Friday, March 5, 2010

Counter-trend trades after NFP

If you read my post from yesterday, you know that fading moves is the only way to trade with consistency. Today, NFP surprised to the upside printing -36k, causing a huge rally in stocks. I usually fade all news and today was not an exception, however it resulted in a loss, because I miscalculated my entry (I wasn't looking at my H1 charts because I had too many other windows opened :/). Anyway, G/J rallied 250 pips after the announcement. Seeing this big move, we would be looking to short it at strong S/R levels. I took two short trades here.

First, we had a hourly resistance at 136.73, quite obvious from the hourly chart. I didn't take this trade, but it would have been good for 20 pips. Second, we had a beautiful bounce at 137.00 (round number), good for 40+ pips (I got out after 20).


Third trade was on G/U, when they faked a breakout above 1.5130 (hourly resistance) and then sold off like there's no tomorrow. (I managed a +2 trade here, because I wanted to get out quickly and avoid extra risk).


Notice how a 20 pip stop was a safe play in all three cases. Now seeing this huge move to the upside, how many of us would consider going against it? Probably not many. However, even in these crazy market conditions, fading over-extended moves is a usable strategy. Buying the strength today would have made money, but only because we a had strong intraday trend in place. On most days, no such things happen.

-Tyler

Thursday, March 4, 2010

Intraday trend trading is a fallacy

Last summer, my trading consisted of fading all strong moves at major S/R levels and quickly getting out with 5-20 pips of profit. Risking 2% on a 20 pip stoploss, I was able to achieve 3-10% daily increase in my capital. I took my 1000 dollar account to 4000 in about 2.5 months. This was a live account, not a demo.

Then one day, the market decided to trend strongly (several hundred pips on E/U) and I realized that I want to be trading with the trend, i.e. getting in on pullbacks and riding the whole thing. I created a simple trend-following strategy based on moving averages and it worked as long as the market was trending. I was able to achieve some profit with this, but only for a short period of time. Two weeks later, the market stopped trending (surprise?) and my gains evaporated. I can attribute this to bad money management too, since I was trying to scale into positions (i.e. add to losing positions).
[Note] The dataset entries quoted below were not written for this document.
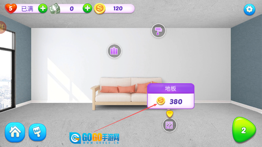 装饰地板时,点击地板图标,花费380金币挑选合适的地板样式,即可完成房间地板部分的设计与装饰。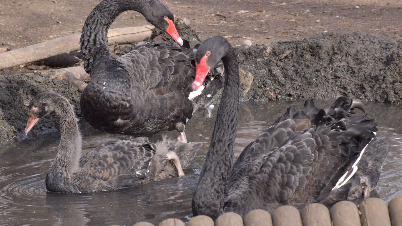 В Одесском зоопарке у пары черных лебедей вылупился птенец.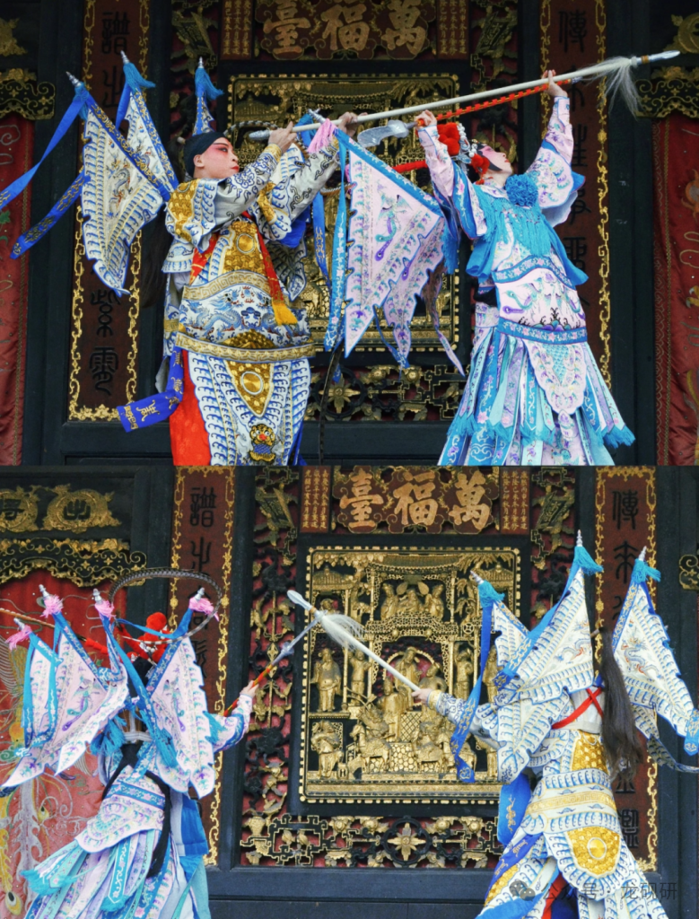 萬福台上紅底金漆“萬福台”匾,兩側記錄著“康熙、乾隆、嘉慶、鹹豐、光緒”的曆代重修、重建信息。匾下嵌木刻篆書對聯“傳來往事留金鑒,譜出高歌徹紫霄”。粵劇被譽為南國紅豆,佛山是粵劇的發源地,萬福台又是海內外紅船弟子尋根的重要場所。昔日戲班會每年組班一次乘紅船外出四鄉演出,為祈求北帝保佑旅途平安,組班後的首場演出必選在萬福台,遂使萬福台日漸兼具了粵劇審戲台的重要作用,見證著粵劇在佛山的曆史與發展。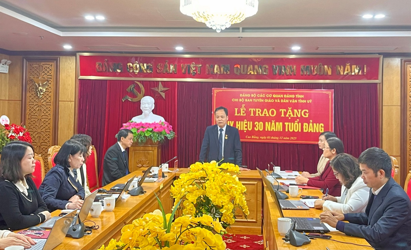 Trao Huy hiệu 30 năm tuổi Đảng cho đảng viên Nông Thanh Tùng, đồng chí Bế Thanh Tịnh, Phó Bí thư Thường trực Tỉnh uỷ, Chủ tịch HĐND tỉnh khẳng định: Huy hiệu 30 năm tuổi Đảng là danh hiệu cao quý nhằm ghi nhận những đóng góp, cống hiến của đảng viên trong suốt quá trình rèn luyện, phấn đấu và công tác. Đây không chỉ là niềm vinh dự của cá nhân đồng chí Nông Thanh Tùng mà còn là niềm tự hào chung của Chi bộ Ban Tuyên giáo và Dân vận Tỉnh uỷ. Đồng chí Phó Bí thư Thường trực Tỉnh uỷ mong muốn đồng chí đảng viên Nông Thanh Tùng tiếp tục phấn đấu, rèn luyện, phát huy tinh thần tiên phong, gương mẫu, giữ gìn phẩm chất đạo đức, bản lĩnh chính trị, góp phần xây dựng Chi bộ trong sạch, vững mạnh.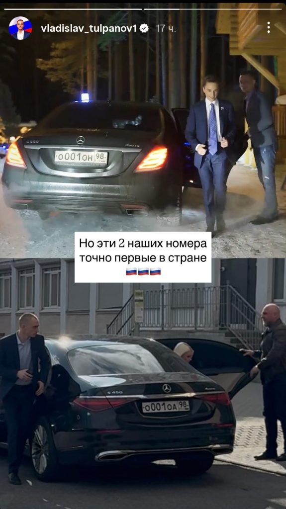 Одновременно Владислав помирился с мамой, вернулся домой и начал публиковать в социальных сетях, как он передвигается по Петербургу в сопровождении машины ДПС с мигалками. На каких основаниях полиция сопровождает семью «молодого политика» непонятно. При этом Тюльпанов хвастается «блатными» номерами автомобилей, на которых передвигается его семья.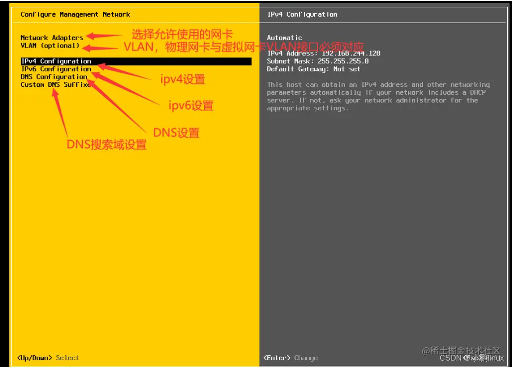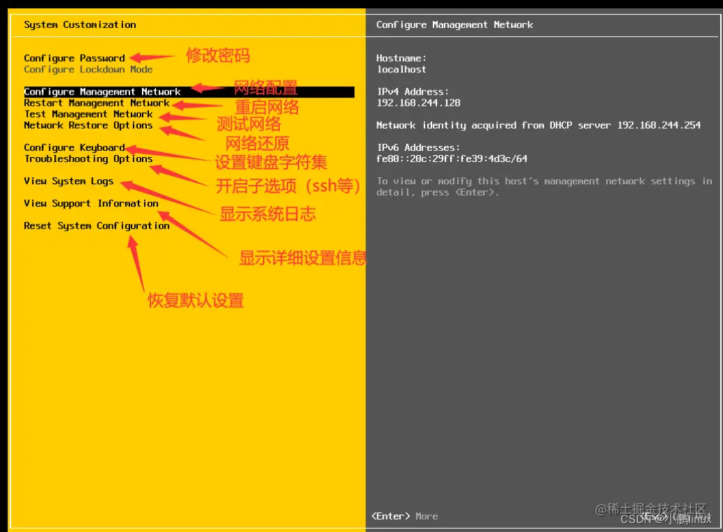 | 然后输入账号root,密码。回车进行下一步;到达如下界面,选择网络配置选项,回车进入: |

To make the long story short, I lost all of my gains by trying to trade with the trend, because the trends ceased to exist. The market was ranging again, bouncing off of everything and taking money from naive traders like me.

Meanwhile, all counter-trend strategies worked like a charm. Finding intraday s/r levels and banking quick pips proved to be the most consistent strategy I've ever seen. Round numbers, pivot points, highs/lows, etc. After an over-extended move (also referred to as oversold/overbought market conditions), the price simply has to correct. Why? Because the people who made it move will be getting out of their positions, hence moving the price the other way.
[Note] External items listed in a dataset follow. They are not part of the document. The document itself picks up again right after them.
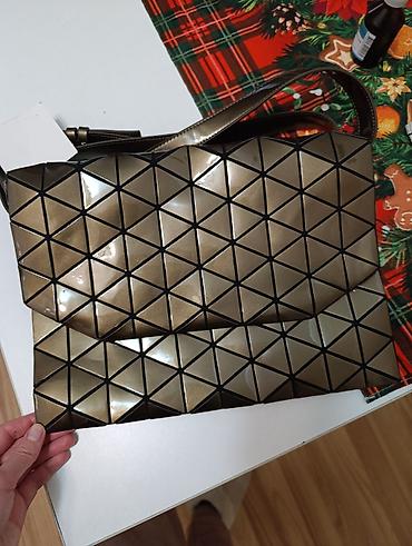 - Цвет: металлический бронзовый с черной геометрической раскладкой (треугольные сегменты).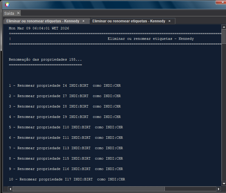 Na janela/separador Saída poderá ver em pormenor o que foi renomeado.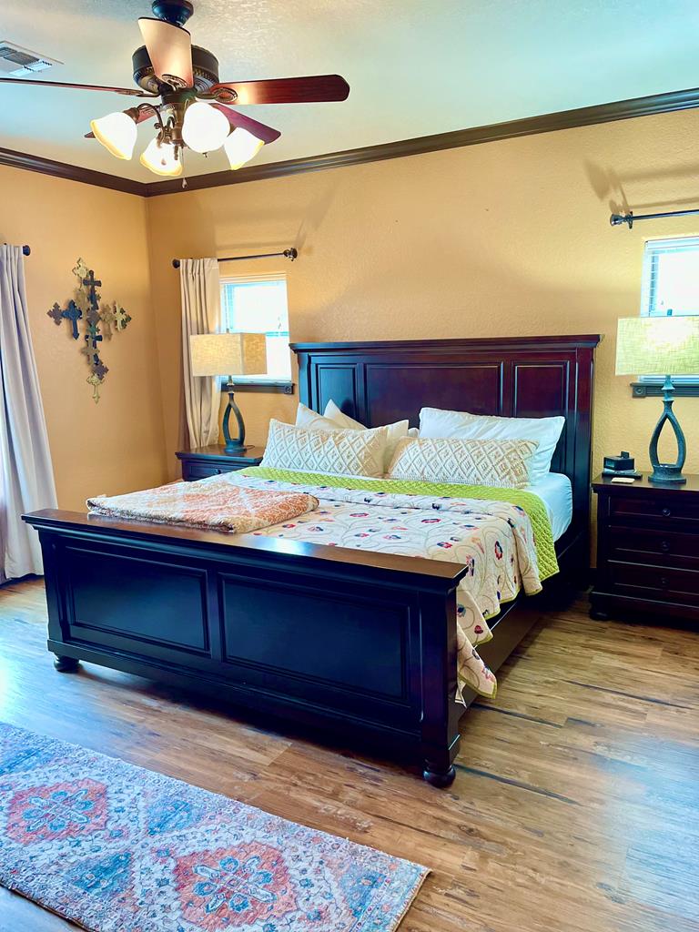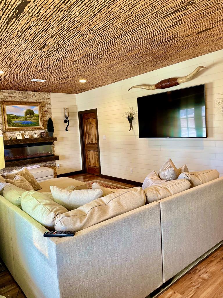 The Sellers are motivated to sell. "BRING ALL OFFERS". Spacious Barndominium on beautiful 24+- country acreage w/captivating features less than 3 mi from Main St where you can enjoy the amenities of shopping, restaurants, tasting rooms, vineyards, & art galleries for which Fredericksburg is famous. Interior features include open concept living area highlighted by ship lapped walls, corked ceiling, & electric fireplace. Dining room offers views of large pond. Open kitchen includes plenty of storage, counter space, & pantry. A custom home office with built-ins & a spacious master w/ensuite bathroom completes the downstairs space. Upstairs, 2 bedrooms w/separate living rooms & ensuite baths w/ a sitting area in between that hosts a dining table & bar w/refrigerator lead onto full deck that captures expansive views of the amazing property that includes 2 ponds, a seasonal creek, firepit, mature trees, diverse wildlife, & stunning sunsets. Attached garage large enough for a RV is included. Estate is ag exempt located in ETJ. This minimally restricted property has great commercial possibilities. STR, cabins, event space, horse barn/pasture, tasting room, vineyard are just some of the many possibilities. Come see the potential.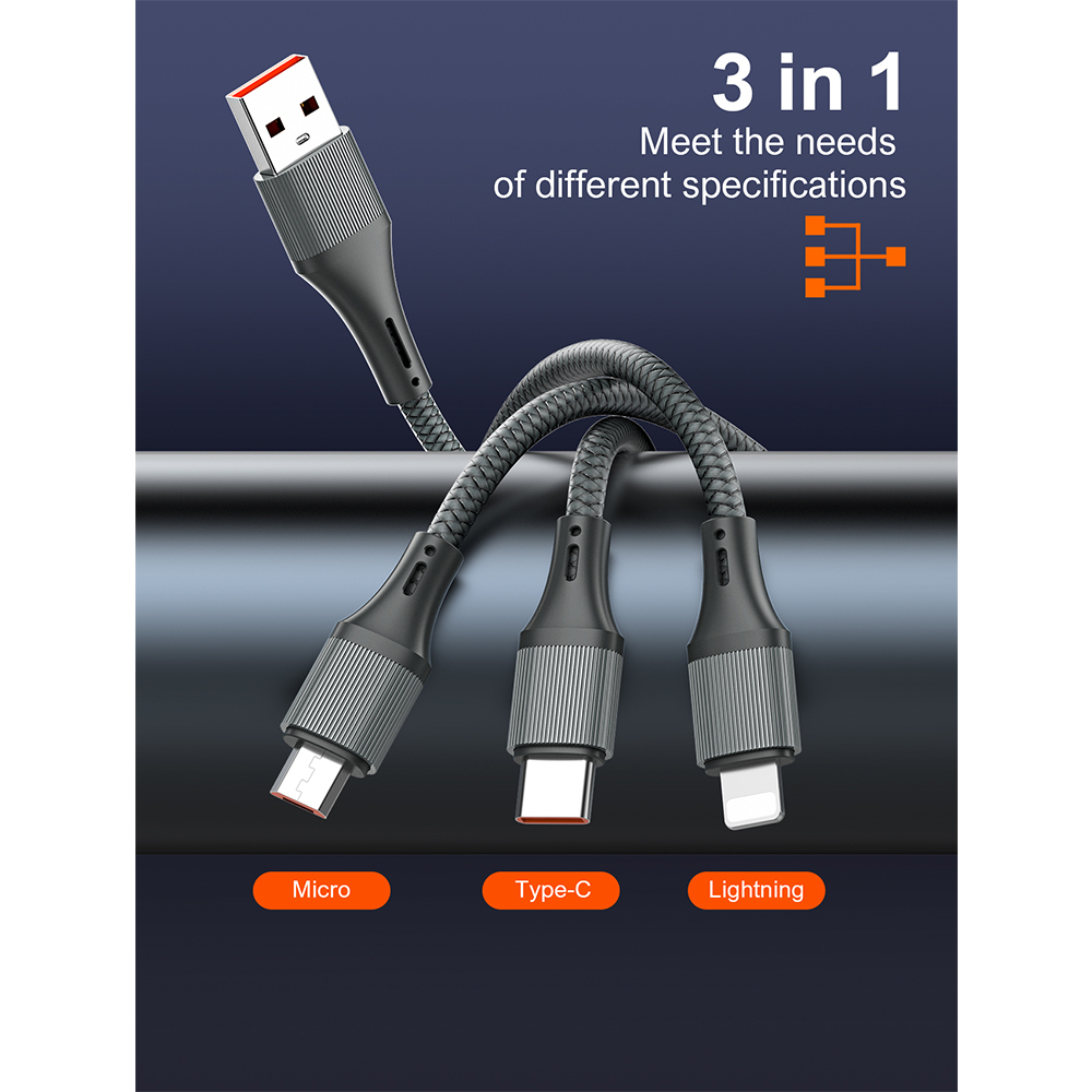 Cabo Usb Ldnio 3 em 1 para Carregamento Rápido 100W e Sincronização de Dados, com Conectores Tipo C, Micro USB e Lightning. Versatilidade e Potência em 1.2 Metros para Seus Dispositivos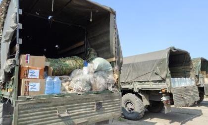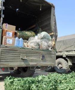 Было передано: 7 тонн бутилированной воды (по 5 литров), фрукты и соки в стеклянных трёхлитровых банках – 252 шт., товаров медицинского назначения 45 ящиков, 37 маскировочных сетей, 1500 метров специальных сетей и 3 тонны продуктов питания длительного хранения.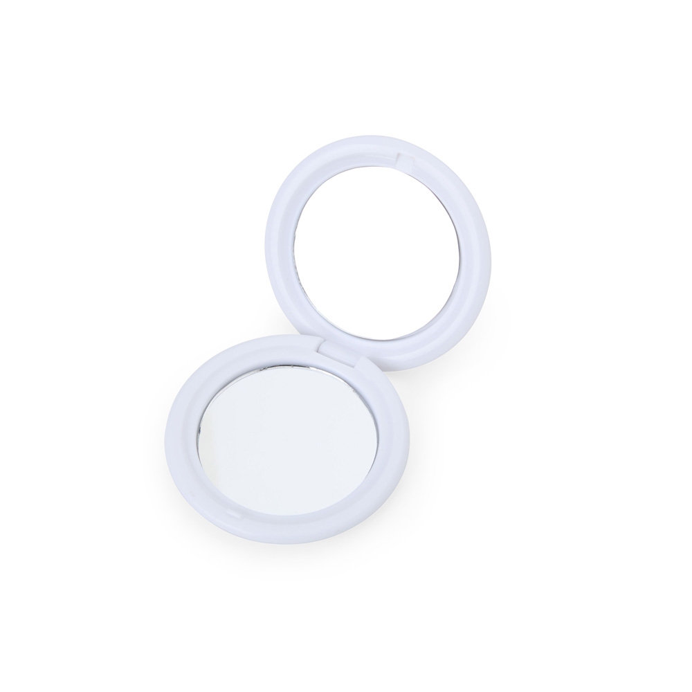Compacto e funcional, este espelho duplo de bolso é produzido em material plástico. Seu design diferenciado conta com centro plano e bordas em declive, proporcionando um acabamento moderno e elegante.

Two weeks ago, I met a professional equities trader, whose personal account is over one million dollars. The guy has been on CNBC and has been trading for over 10 years. He trades intraday and in short, he fades all moves. In other words, he couldn't care less about intraday trends, he just fades it. The more extended it becomes, the more it retraces. This is exactly what I was doing last summer, except I was picking my entries more precisely.

Same thing works for what most people fear the most. News. I remember an NFP announcement last summer, during which I made over 100 pips by fading a 150 pip spike on G/J. Just wait for a strong S/R level and fade the move. Simple.

To conclude, I decided to completely abandon intraday trend trading and play only the bounces. Given that the market ranges 80% of the time, I am determined to repeat my fantastic gains from last summer.